Из самого путешествия я ни черта не запомнил. Помню, как оказался в СКОКСе, как искал каюту — и все как отрезало. В памяти осталось лишь какое-то физическое ошеломление, тошнота, головокружение. Еще смутно припоминаю, как, шатаясь на ватных ногах, едва не скатился по трапу и как мне любезно помогли сделать первые шаги по зыбкой поверхности Хайна.

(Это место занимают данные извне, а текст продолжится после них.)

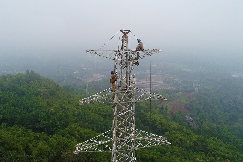 国网合川供电公司员工在110千伏风古线56号塔进行线路迁改作业。(刘思言 摄)

Огорченный подобным провалом в сознании, я сразу по прибытии проконсультировался в Экуменической школе. Мне объяснили, что субсветовые скорости оказывают весьма хитрое воздействие на человеческую психику. Большинству путешественников представляется, что они провели на борту всего лишь несколько биочасов, как это и есть в действительности; иные сохраняют в памяти самые неожиданные выверты пространственно-временного континуума, порой даже небезопасные для их душевного здоровья; некоторым кажется, что они всю долгую дорогу спали и «пробудились» только по прилете. Мне же не довелось пережить ничего подобного. Я вообще не сохранил никаких воспоминаний. Казалось, меня одурачили. Я-то мечтал смаковать впоследствии подробности первого своего космического перелета, надеялся вкусить прелесть проведенного на борту времени, ан нет — как ни напрягайся, в черепушке хоть шаром покати. Вот я, бодренький, в космопорту на О, а вот я уже, с трудом осознавая окружающее, ковыляю по трапу в порту Be — никакого тебе интервала во времени.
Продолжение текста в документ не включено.